4 Location Injection Molding and Plastics Manufacturing Company Turnaround
The Company: The 34 year old private equity-owned plastics molding company with US and Mexican operations exhausted their PPP and ERTC capital by late 2022 and faced new challenges with cash flow. The company was facing a potential cash crunch and the owners wanted to exit the company through a 363 sale with its senior creditor.

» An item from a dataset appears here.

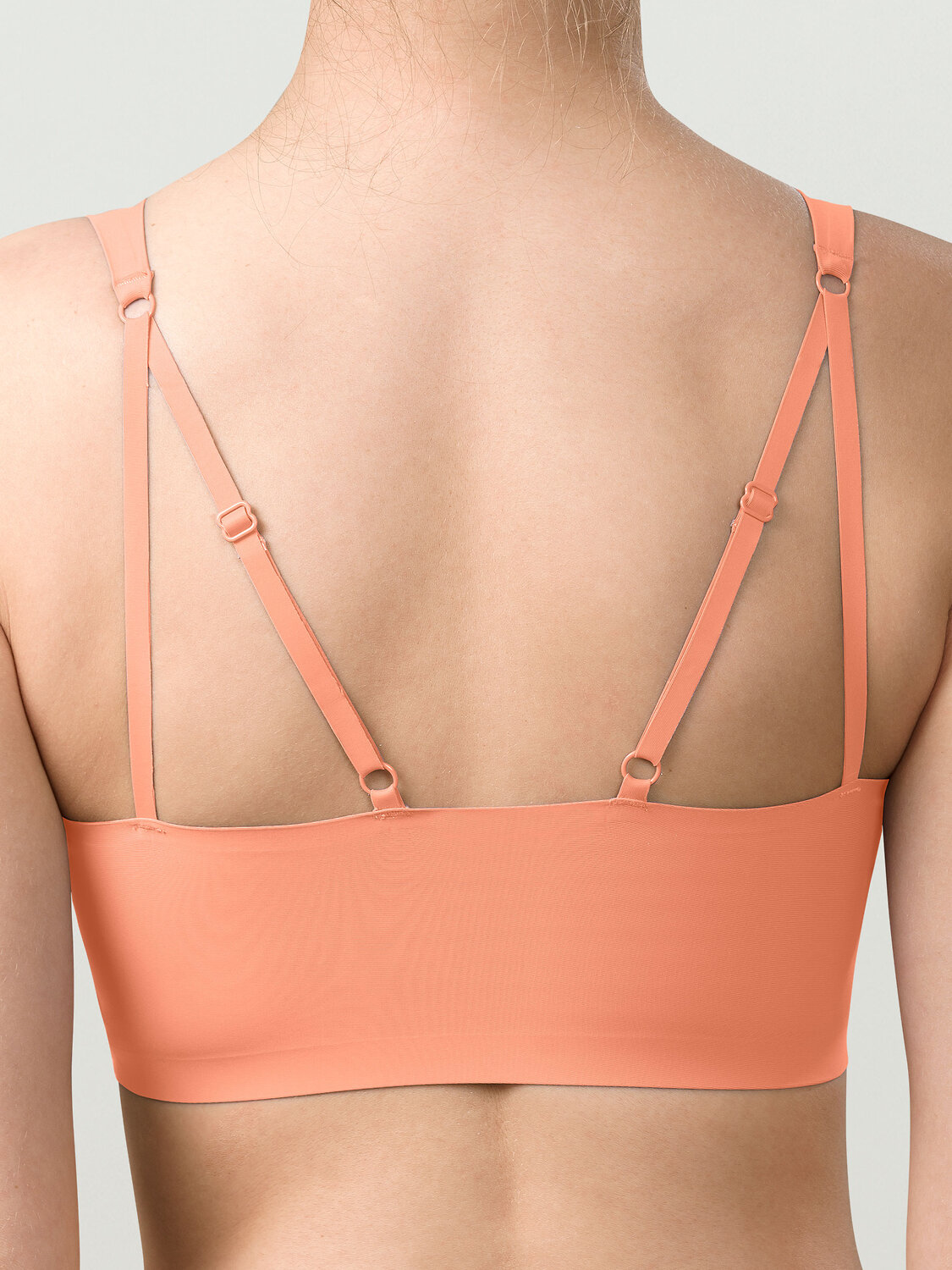 Женский бельевой топ. Изготовлен по бесшовной технологии с минимумом швов. Боковые плоские раздвижные швы, края горловины, проймы и низа изделия подогнуты и приклеены. Топ максимально невидим под одеждой, не натирает, комфортно сидит на теле. Съемные формованные чашки поддерживают грудь и создают красивый объем. Продуманное расположение регулируемых бретелей по спинке делают топ комфортным в носке, лямки не спадают с плеч. Этот топ станет идеальным функциональным нижнем бельем на каждый день.

The customer orders declined due to a shift in product mix and sourcing consolidation after the COVID-19 pandemic. The drop in sales and increased overheads eroded the $12mm working capital with no room for raising new capital. The senior ABL lender terminated the credit line due to liquidity concerns late 2022 .
- Revs FY’23- $47,000,000
- Assets- $16,000,000
- Liabilities- $12,000,000
- A/R- $8.4mm DSO 71 days
- A/P – $9.3mm DPO 51 days
The Situation: The Company faced tighter cash crunch in early 2023 and the PE owners decided to cease production by mid-2023 unless the management executed a restructuring plan ASAP. A major customer began to notice changes in management turnover and organizational communications. They called for an “all-hands” meeting and announced an 6-month exit plan from the Company.
Investment thesis: “Resize and revise OpEx”
Marabek was contacted early 2023 by the PE firm to fix the issues and right-size the company or explore exit strategies quickly since leadership lacked a clear plan. The decision to terminate the CFO and VP Operations was decided before the CEO resigned and Marabek could review their proposed turnaround plans.
The Company after the first 3 months with Marabek help was able to eliminate 22% of the non-essential workforce in US and 16% in Mexico. Additionally, developed a VMI plan for raw materials, MRO and supplies with major vendors. Marabek was able to advise the main customers to provide better forecasts and lead times to lean operations. After the 5th month, our SIOP systems got the bleed to stop.
By Dec. 2023, Marabek placed the company back on track to stabilize cash flow with reduced debt and A/P and increase margins by eliminating variances and scrap. The PE firm has since retained a search firm for a new CEO and CFO as well as put new incentives for sales and business development. The company is expected to hit break even in 2023 and a positive net margin over 13% in 2024 with EBITDA over 17%. Another investment recovered and restored to its portfolio for growth.